É inteiramente pertinente o facto de o terceiro parágrafo da crónica referir os nomes originais e socialmente diminuidores, como “Urombo”, “Tsanguirai”, “Bininho”. Entre escritores moçambicanos que têm trabalhado temas desoladores como este, salienta-se o romancista Mia Couto que, no romance Terra sonâmbula, valoriza, com despreocupada lucidez, o estatuto social da personagem Kindzu que desencadeia uma série de episódios oníricos, ainda em terra idade, como, por exemplo, os conselhos que, em circunstâncias difíceis, foi dando ao velho Tuahir, face ao recrudescimento da guerra dos 16 anos em Moçambique.

As imagens que introduzem o texto que dá título ao livro ilustram com rara petulância a intencionalidade da escrita, assim como a sua eleição para o espaço que ocupa na colectânea.

O simbolismo da arca, e o da navegação em geral, comporta vários aspectos que estão, no seu conjunto, interligados. O mais conhecido é o da Arca de Noé a navegar sobre as águas do dilúvio e transportando todos os elementos necessários à restauração cíclica (Chevalier & Gheebrant, 2010, p. 80).
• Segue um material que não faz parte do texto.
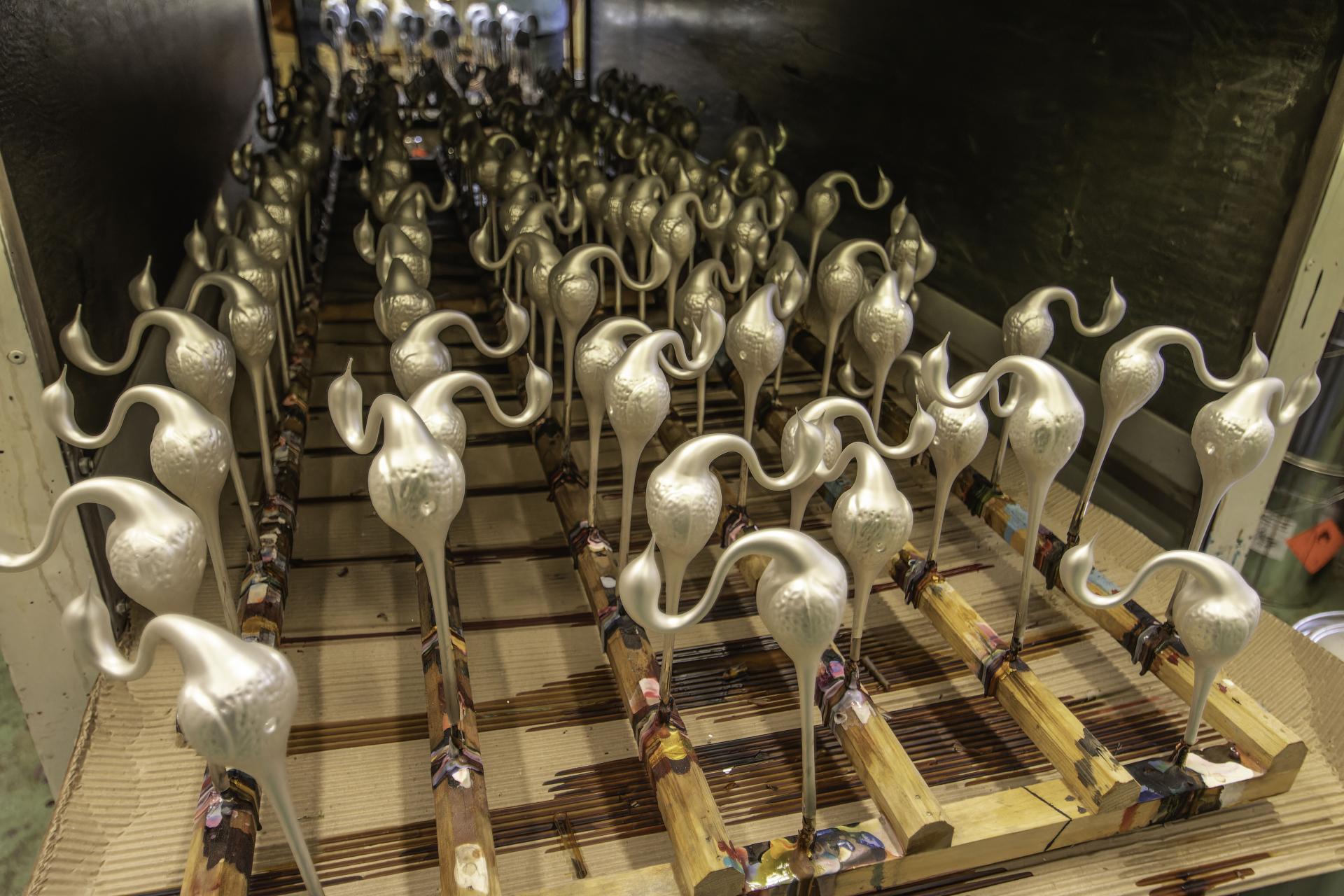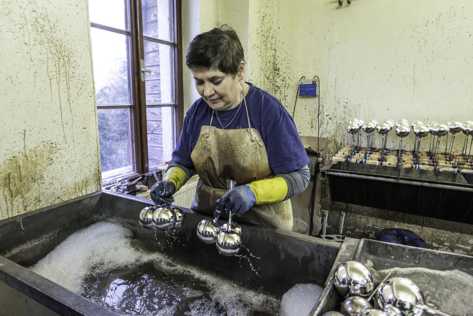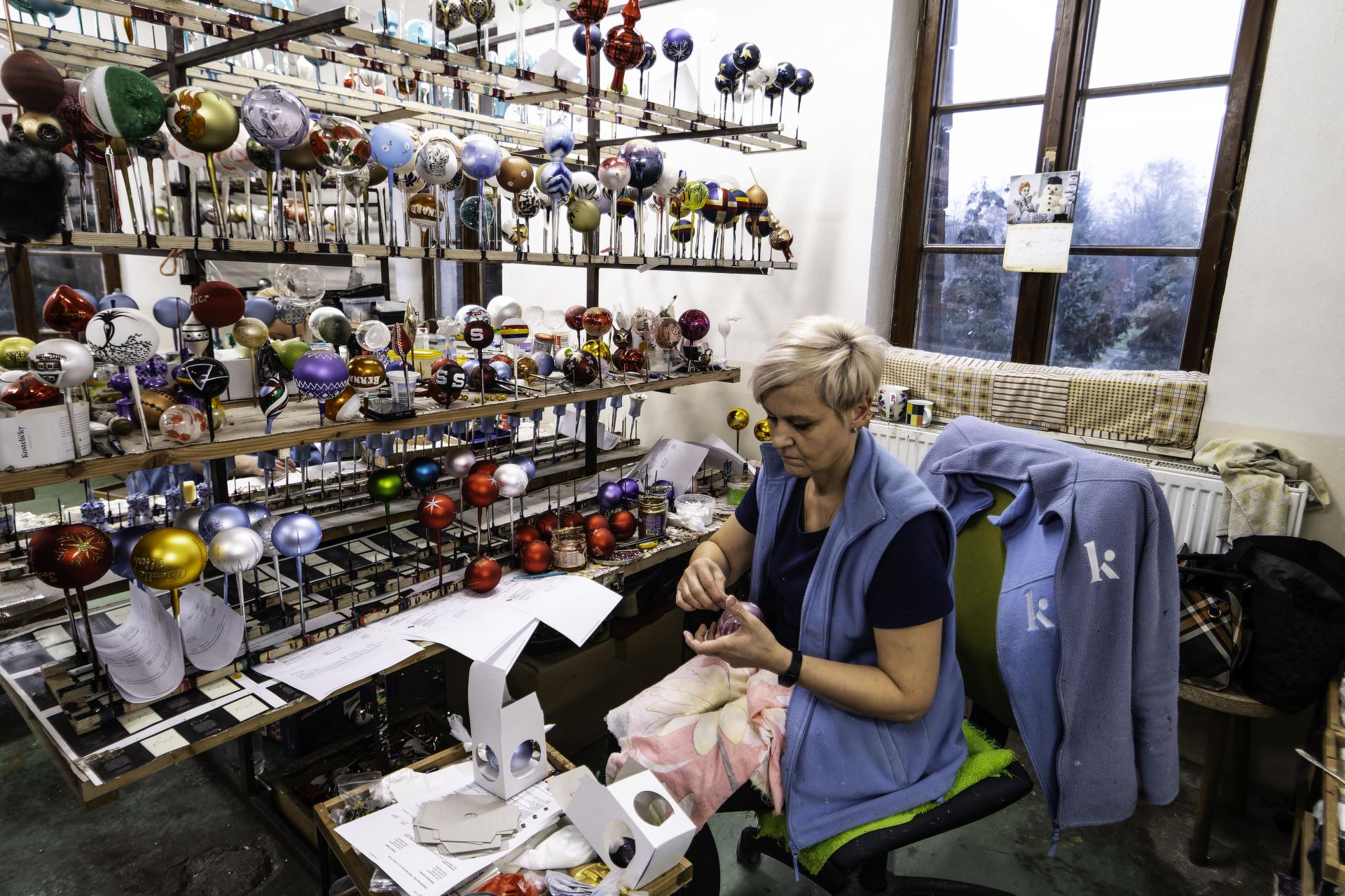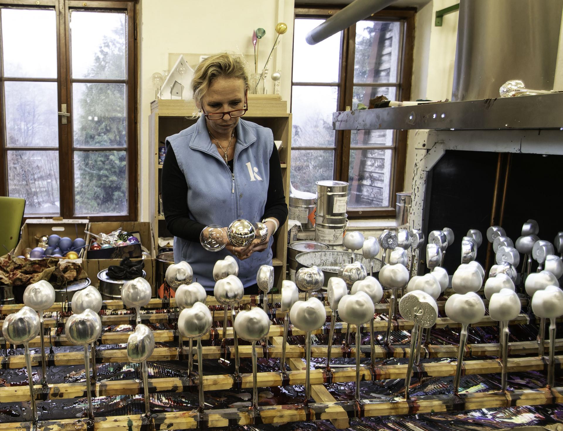 Všetky ozdoby vyrábajú tradičným spôsobom – ručne a v prvej etape aj ústne. Sklenené ozdoby sa vyfukujú zo sklených tyčí. Gule a tvary ako plameniaky či labute sa fúkajú „na voľno“. „Nie je tu žiadna možnosť opravy, takže sa fúka na prvú dobrú,“ vysvetľuje nám sprievodkyňa. Taká labuť sa musí stihnúť za 4 minúty, kým sklo stuhne. Pred dvoma rokmi sa podaril zápis do Guinessovej knihy rekordov – na festivale labutí, ktorý zorganizovali v rámci Koulieru, zhromaždili 2022 labutí.
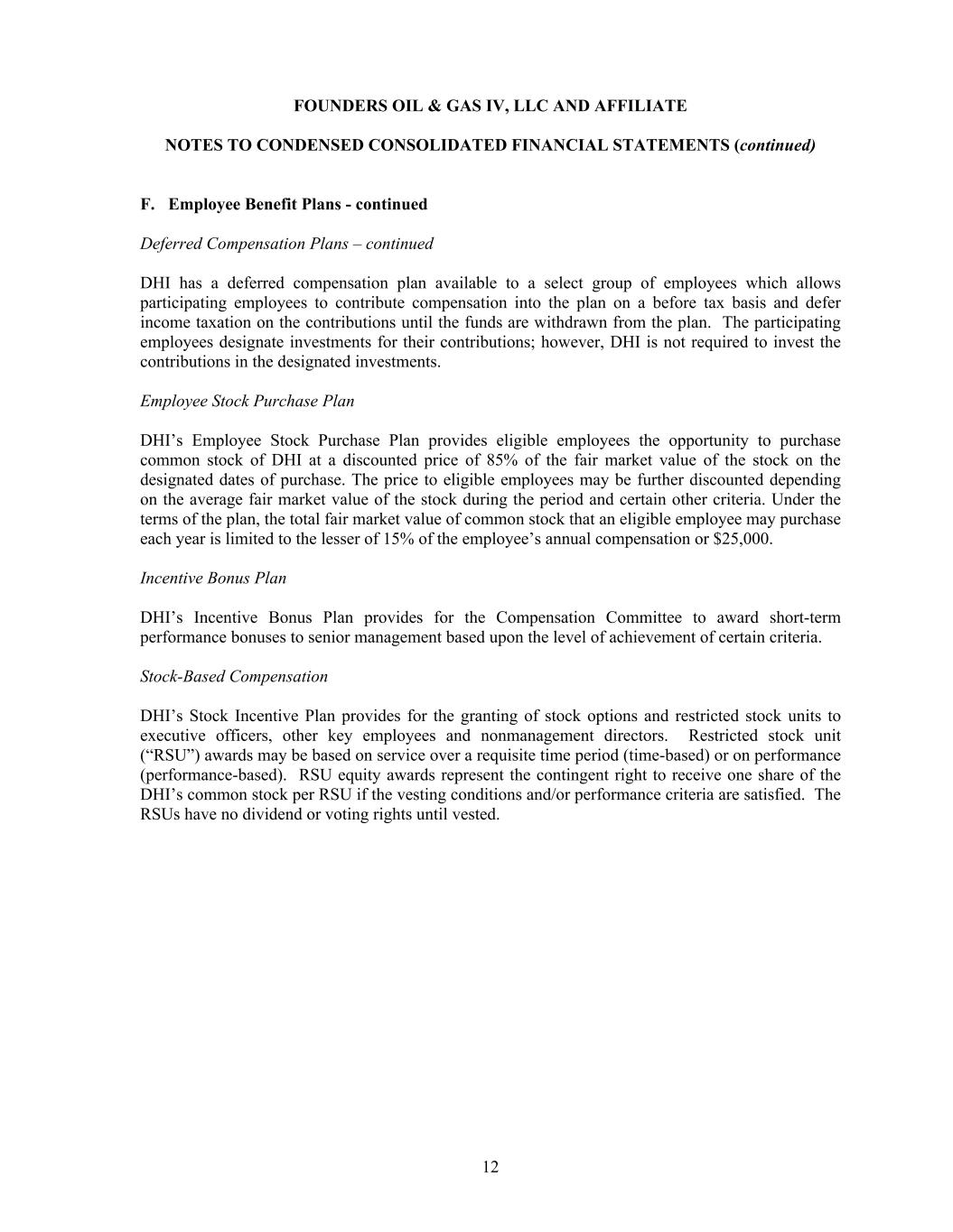 FOUNDERS OIL & GAS IV, LLC AND AFFILIATE NOTES TO CONDENSED CONSOLIDATED FINANCIAL STATEMENTS (continued) 12 F. Employee Benefit Plans - continued Deferred Compensation Plans – continued DHI has a deferred compensation plan available to a select group of employees which allows participating employees to contribute compensation into the plan on a before tax basis and defer income taxation on the contributions until the funds are withdrawn from the plan. The participating employees designate investments for their contributions; however, DHI is not required to invest the contributions in the designated investments. Employee Stock Purchase Plan DHI’s Employee Stock Purchase Plan provides eligible employees the opportunity to purchase common stock of DHI at a discounted price of 85% of the fair market value of the stock on the designated dates of purchase. The price to eligible employees may be further discounted depending on the average fair market value of the stock during the period and certain other criteria. Under the terms of the plan, the total fair market value of common stock that an eligible employee may purchase each year is limited to the lesser of 15% of the employee’s annual compensation or $25,000. Incentive Bonus Plan DHI’s Incentive Bonus Plan provides for the Compensation Committee to award short-term performance bonuses to senior management based upon the level of achievement of certain criteria. Stock-Based Compensation DHI’s Stock Incentive Plan provides for the granting of stock options and restricted stock units to executive officers, other key employees and nonmanagement directors. Restricted stock unit (“RSU”) awards may be based on service over a requisite time period (time-based) or on performance (performance-based). RSU equity awards represent the contingent right to receive one share of the DHI’s common stock per RSU if the vesting conditions and/or performance criteria are satisfied. The RSUs have no dividend or voting rights until vested.

O simbolismo da Arca da Aliança dos Hebreus está mais próximo do que parece do anterior. Os Hebreus colocavam-na na parte mais retirada do tabernáculo; ela continha as duas tábuas da lei, a vara de Arão e um vaso cheio de iguaria que alimentara o povo no deserto. A arca era a garantia da protecção divina, e os Hebraus levavam-na nas suas expedições militares, Quando foi transferida, com grande pompa, para o palácio de David, os bois que puxavam o carro fizeram inclinar a arca; o homem que tocou nela para assegurar caiu logo morto no chão. Não se toca impunemente no sagrado, no divino, da tradição (Segundo livro de Samuel, 6).

Como vimos, Arca de não é configura uma falsa metáfora da Arca de Noé. Mas a criatividade linguístico-pragmática e a imaginação crítica, com que se intitulou a obra, têm uma relação artística muito forte no plano da literatura com as narrativas bíblicas. Em Arca de não é, temos referência ao dilúvio e, por consequência, à intertextualidade noética da filosofia bíblica, porque o recurso a uma expressão cuja deriva prosódica se assemelha à Arca de Noé, remete-nos directamente para a inscrição vétero-testamentária. Essa ideia torna-se mais forte, quando, no meio de tanto sofrimento, as personagens reconhecem a existência de Deus, como acontece na passagem seguinte: “Não é a minha perícia de navegador de ocasião que evita que a canoa se vire. É, sim, a força de Deus” (p. 111).

Importa, finalmente, referir que este livro é constituído por pequenos fragmentos contísticos, produzindo, no geral, as crónicas do quotidiano que vão hoje a público pela mão da Editora Índico.